# Problem running Sonic Mega Collection Plus



## frustrateddad (Jul 11, 2007)

I bought the Sonic Mega Collection Plus CD_ROM for PC for my son's birthday and
cannot get it to run on my PC. I'm running Windows XP SP2, have 1 Gig
of Memory and 180 GB of Hard Disk Space. My video card can run DirectX
9.0c. I seem to exceed all the requirements. 

The program installs just fine, and the launcher menu comes up. 
All the buttons except the "Play Game"
button work. When I push the "Play Game" button, the icon turns to the
hour glass briefly and then nothing happens. When I pull up my Windows
Task Manager, the Processes Tab shows the program to be running CPU is
05 or 06 and the Mem Usage is more than 10,000K. The Performance Tab
shows CPU usage of a constant 100%, but I have an AMD Athlon 3500+
processor.

Please help.

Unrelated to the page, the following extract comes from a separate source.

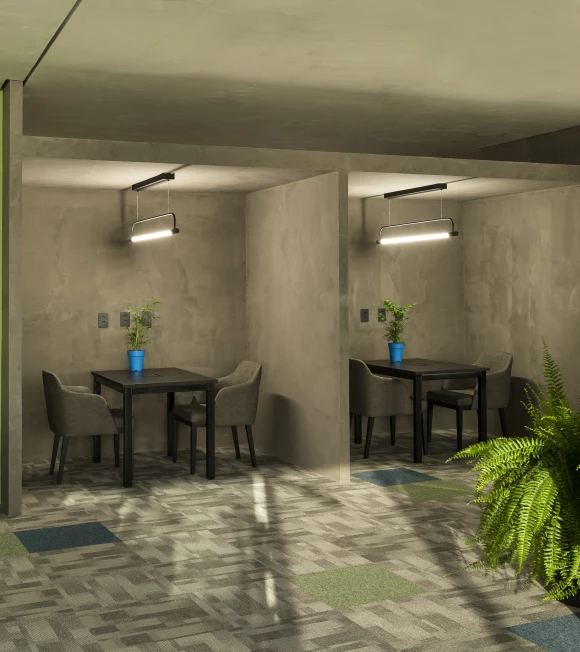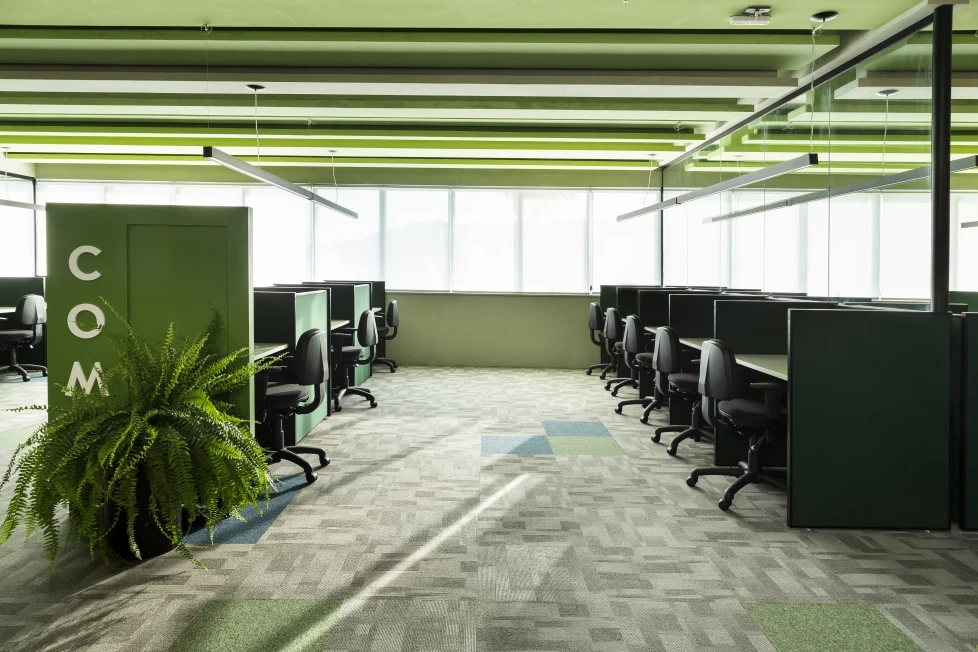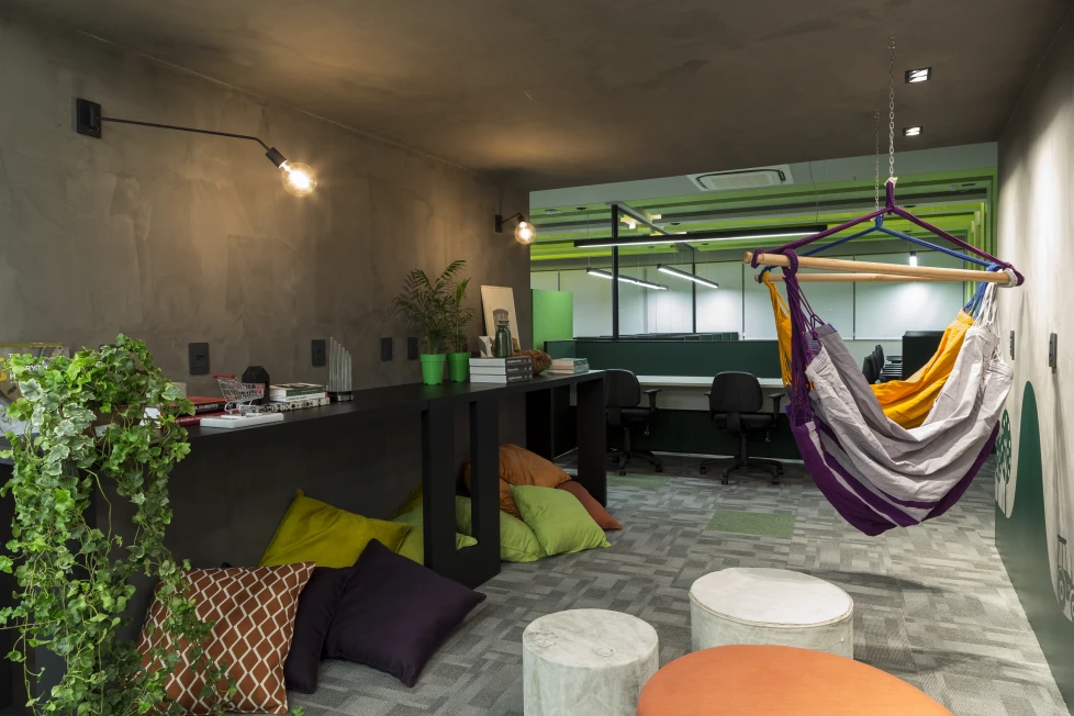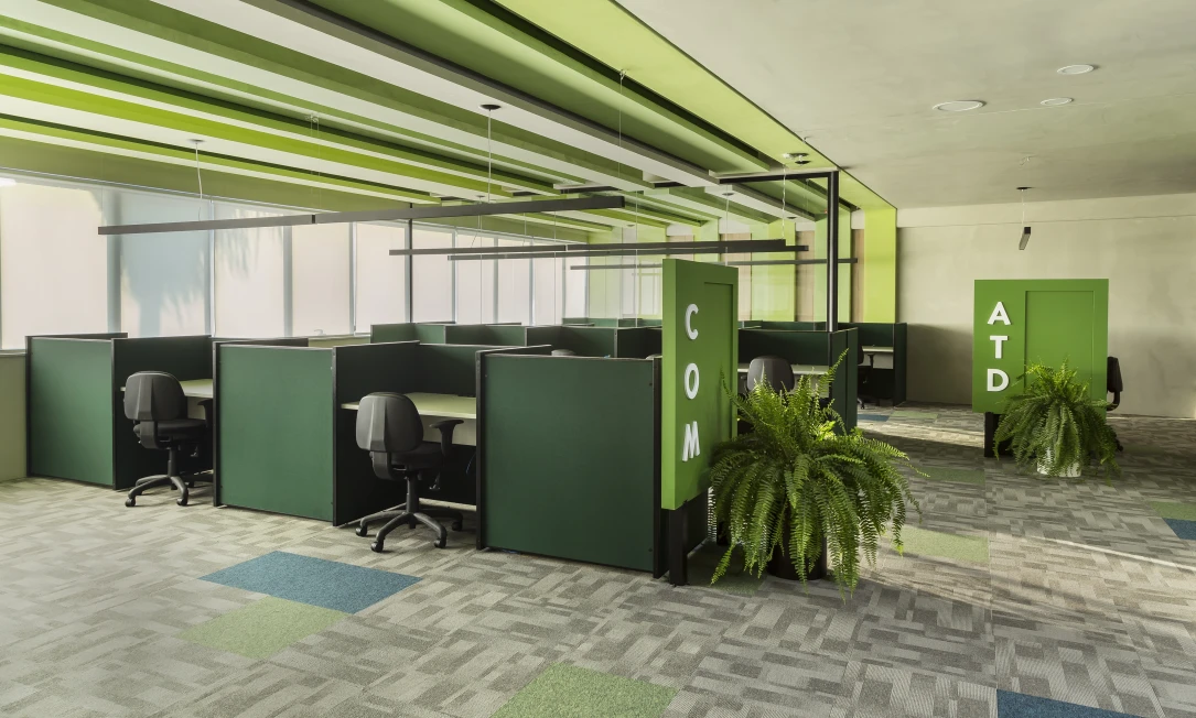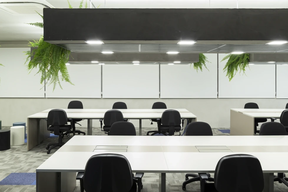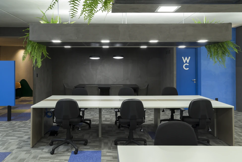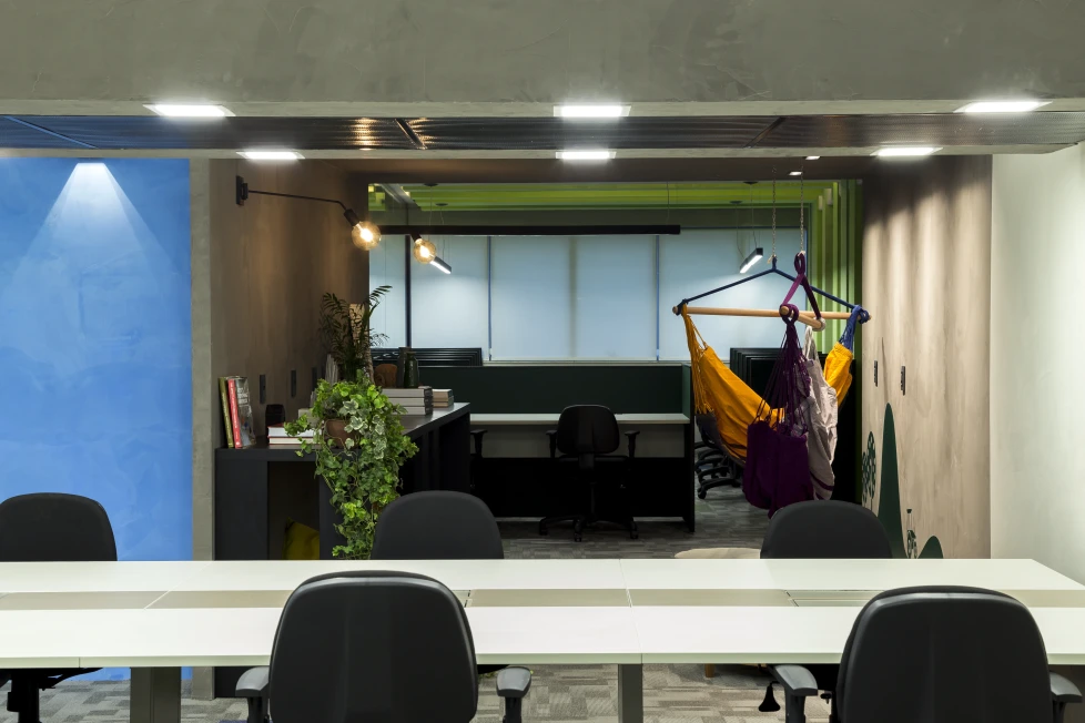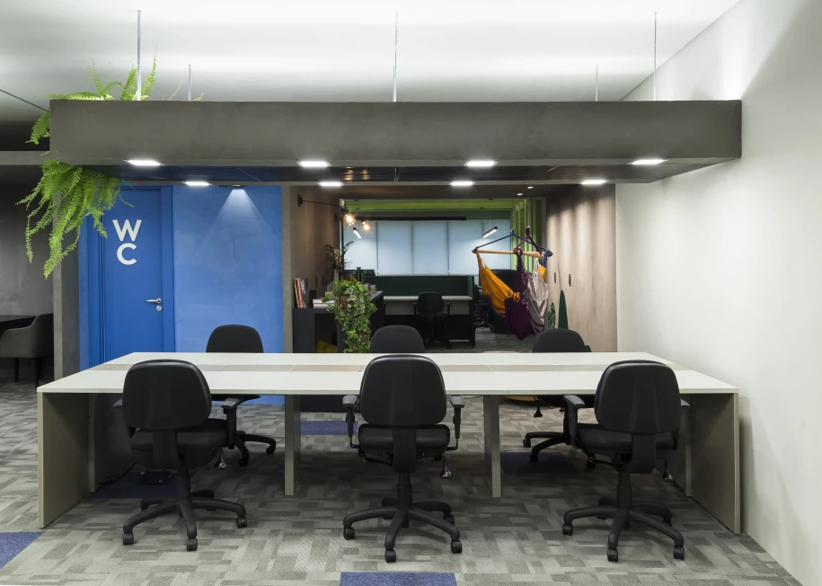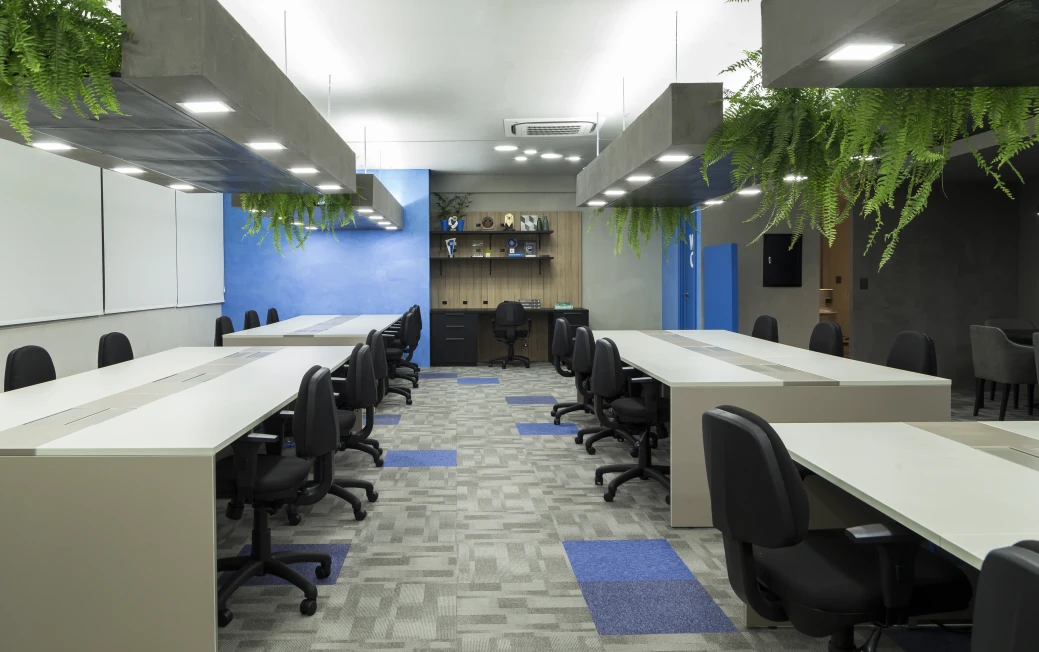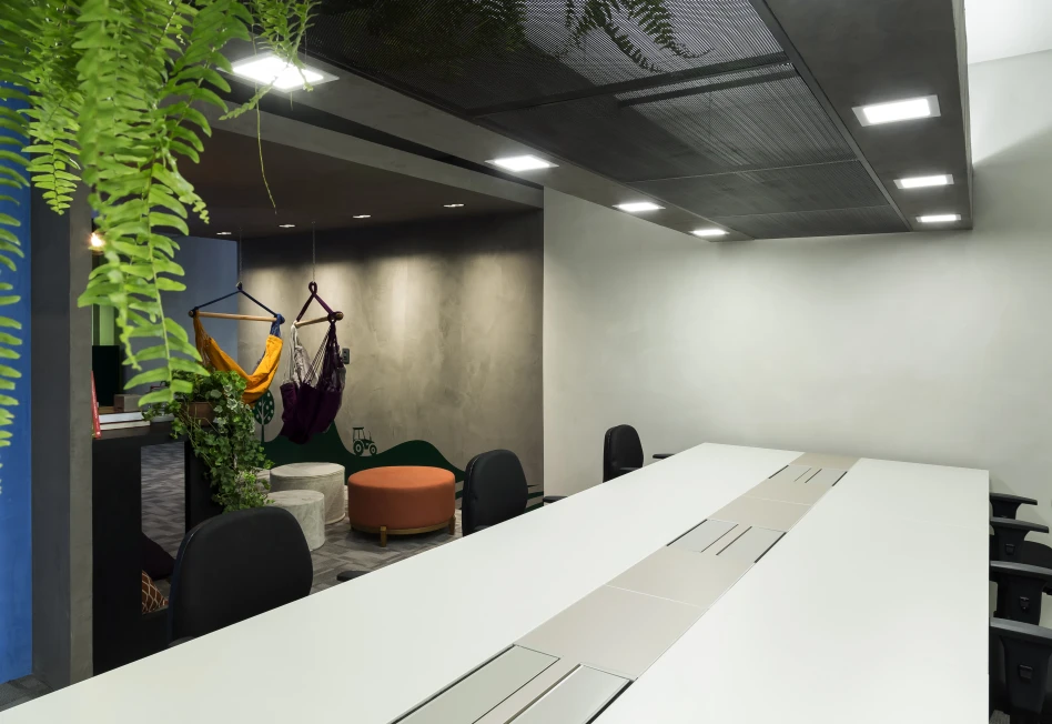 A arquitetura acompanha essa filosofia com espaços fluidos, flexíveis e integrados. Setores com maior geração de ruído, como a ala administrativa e as salas de reuniões rápidas, foram posicionados estrategicamente afastados do núcleo de desenvolvimento, assegurando foco e conforto acústico para os momentos de alta concentração.

My son is really wanting to play this game.


----------



## Couriant (Mar 26, 2002)

I don't know how old the game is, but you can try Windows Compatibility Mode in Windows 98.

Enabling Compatibility Mode

1) Right click on the game icon (or alternatively go to My Computer and go to the game directory and right click on the .exe file) and choose Properties.

2) Click on Compatibility Tab

3) Check the Run Program As box and then in the drop down box, select the desired Windows operating system.

4) Click Apply, then OK. Then try running the game again.


----------